# This forum has helped me so much...



## beenbetrayed (Oct 11, 2011)

But now its beginning to just get depressing at how many people there are out there that are able to screw up their lives and relationships by cheating. This is one of the most popular forums I've ever been on lol. Isn't that sad???


----------



## Homemaker_Numero_Uno (Jan 18, 2011)

I think my life has been improved and my mental stability even more shored up by having been proofed and tempered by being on the receiving end of an abusive marriage and having had to deal with rescusing myself. 

I see now that other people seem to be drawn to me a bit more, it's easier to make friends. I don't think all of that is the absence of the presence of my sidekick. So, I think there is an upside to going through it, not to be Pollyannish about it though. It's a fact that it's a horrible life event. I am really happy to know there are some out there that don't experience it. 
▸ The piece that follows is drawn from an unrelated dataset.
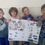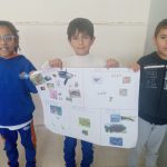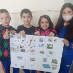 As crianças fizeram desenhos, produção de textos e cartazes em sala de aula.

It's also given me greater admiration for my relationship with myself and with my children. I always thought that teaching morals and interpersonal respect and all that stuff (!) was important but now I see that it can be lifesaving. Especially when you include oneself in the respectfulness.
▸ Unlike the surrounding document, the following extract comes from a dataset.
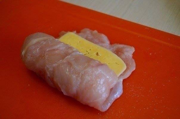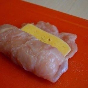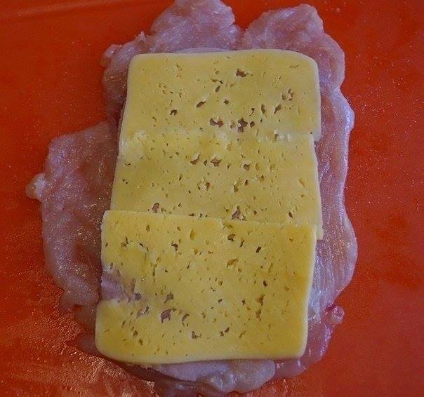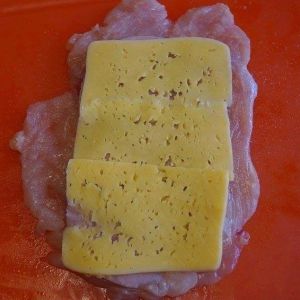 2. Յուրաքանչյուր շերտը առանձին ծեծել: Ավելացնել մի քիչ աղ: Յուրաքանչյուր կտորի վրա դնել 2 կտոր խոզապուխտ: Խոզապուխտի վրա դնել պանիրի շերտեր: Ռուլետաձեւ պտտել:

Yes, it's depressing, and once you've been through it, you notice it more, and more... and I think too people will approach you more about it and confess their troubles, because they know you will understand. Before, there was this thing called ignorant bliss. Someone like that is not a suitable sounding board for another's problems. 

Chin up! (You can do some cloud watching that way.)


----------



## F-102 (Sep 15, 2010)

What's been going on with your situation, bb?


----------



## beenbetrayed (Oct 11, 2011)

F-102 said:


> What's been going on with your situation, bb?


Nothing really new. She's called me a couple times begging me to come back. I told her that's impossible. It's been hard on and off but slowly getting better I guess. I was in a slump for a few days this week though. I just feel such a void. Missing the good times I guess.

But other than that im just waiting for my court date to be set so I can get the annulment over with. 

Thanks for asking.
_Posted via Mobile Device_


----------